…Because you might not realize that fashion can be bad for your health.
Seriously. (Disclaimer: I have no stats or scientific studies to prove this. Just read this post and decide for yourself. )
The thing is, we’re living in a time of incredible progress; when the world changes in nano seconds.
In hospitals, where I’ve spent a lot of time lately, progress is everywhere—and part of that includes the look—reflecting awareness that aesthetics is related to health by nourishing the spirit and the soul.
Enlightened thinking has transformed medical centers into beautiful settings. The building and grounds of our local hospital on the Monterey Peninsula looks as gorgeous as one of the area resorts. The art in many hospitals is better than what you’d find in museums.
Here are a few of my favorites from Cedars Sinai in in Los Angeles.
Nurses long ago abandoned the Florence Nightingale look—and now express their personal style in colorful and comfortable clothing.
But there’s one area where the entire system breaks down; one gaping hole in all the progress on the medical front—or rather, back—where it all hangs out.
Actually I’m kind of surprised there isn’t more of a flap about it.

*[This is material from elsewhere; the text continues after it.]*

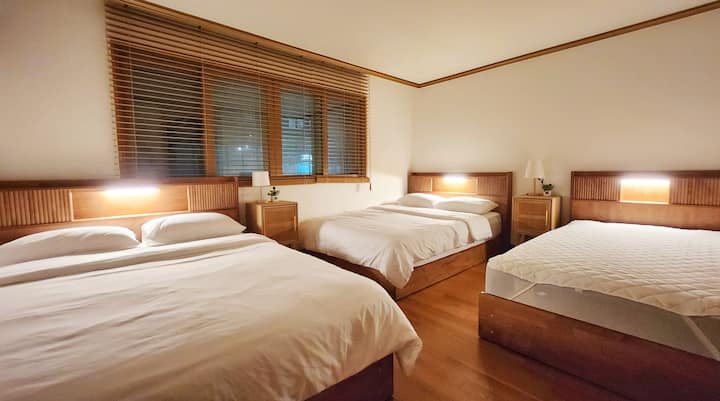[Certificazione ufficiale del governo] Grande famiglia di 13 persone / Laboratorio / Beauty | Via dei caffè / Ristoranti di Hapjeong | Hongdae | 4 camere / 2 bagni!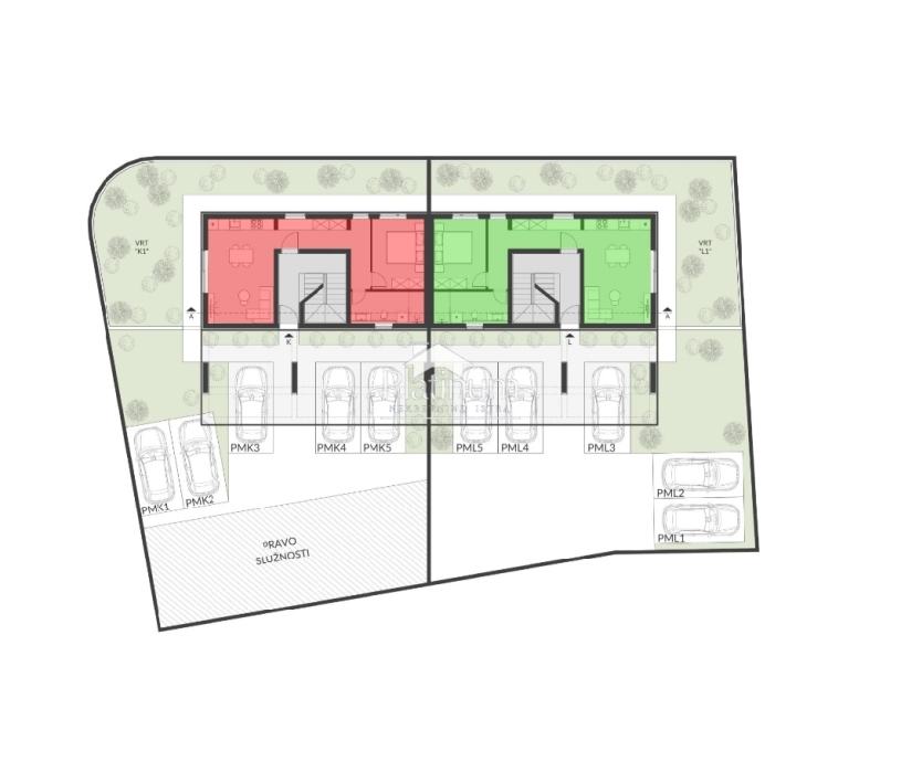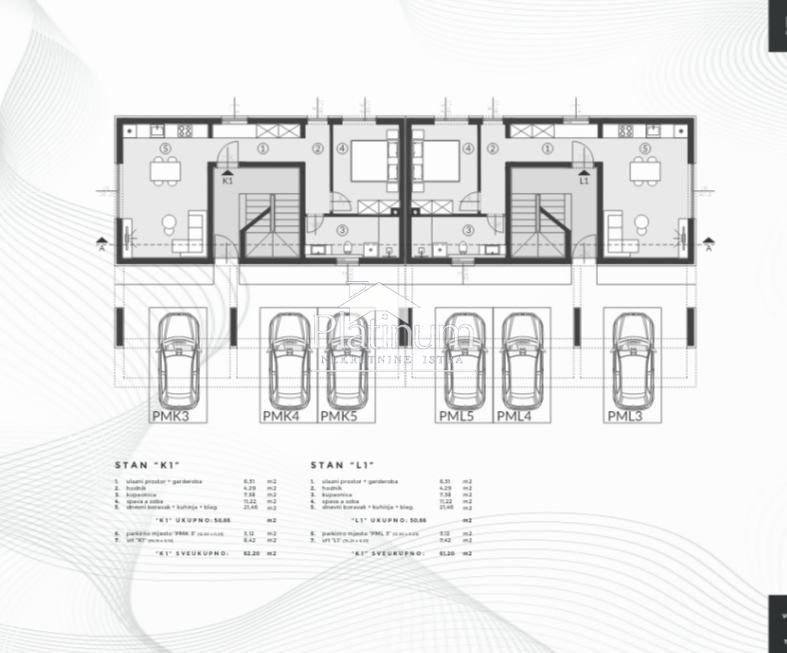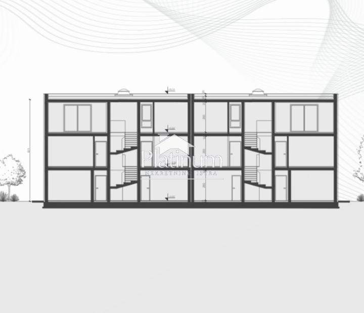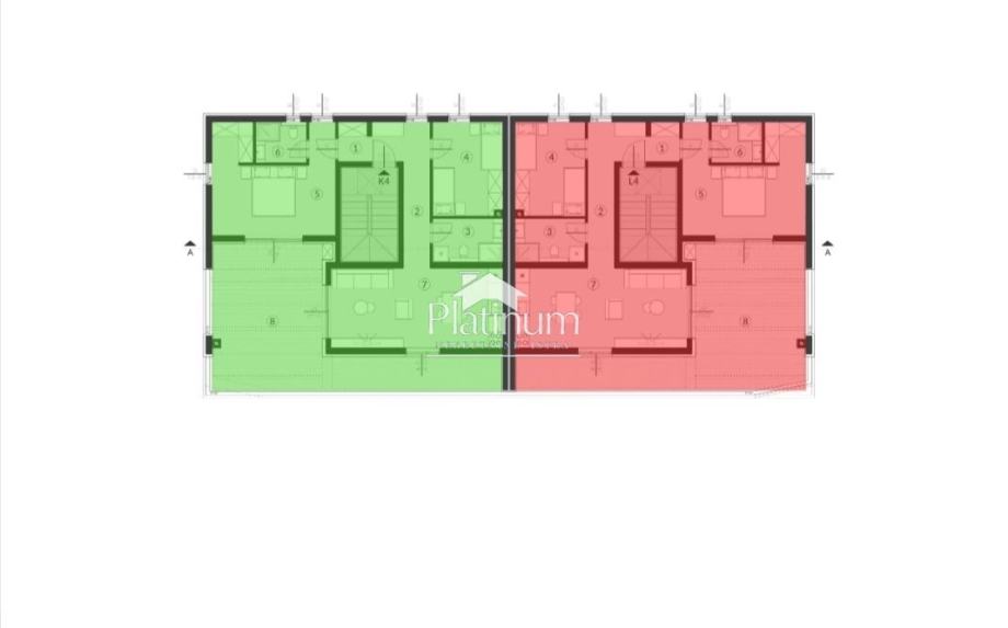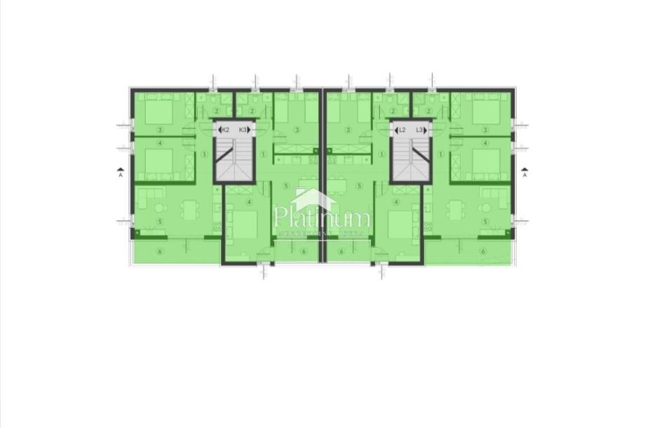 Na prvom katu četiri stana veličine 56.77 m2 s dvije spavaće sobe,56.66 m2 s dvije spavaće sobe.

When you stay in a hospital, you already feel like a victim; why is it necessary to also feel like a fashion victim? When we’re paying astronomical prices for every bandaid, why not a few pennies to improve a patient’s state of mind? Depressing and dysfunctional on so many levels, it robs patients of their dignity; possibly for serious fashionistas, might even affect the will to live.
I won’t defile my blog by posting a picture—but of course I”m referring to the sorry state of the hospital “gown”.
And who ever came up with the term gown to describe it? It’s stretching the point to call it an item of clothing.
This is attire even Heidi Klum could not carry off.
Which is why I think she’s the perfect person to revolutionize the health care industry.
What better project could there be for Project Runway? So I’m throwing out a challenge for the producers— make this a challenge for next season. With a few dollars at Mood, a little velcro and some creativity, surely the designers can come up with some innovations; at least they can’t do worse than what’s out there.
Plus this would lift the show from just reality to providing a desperately needed public service; I guarantee patients everywhere would be grateful. And haven’t we already been patient enough?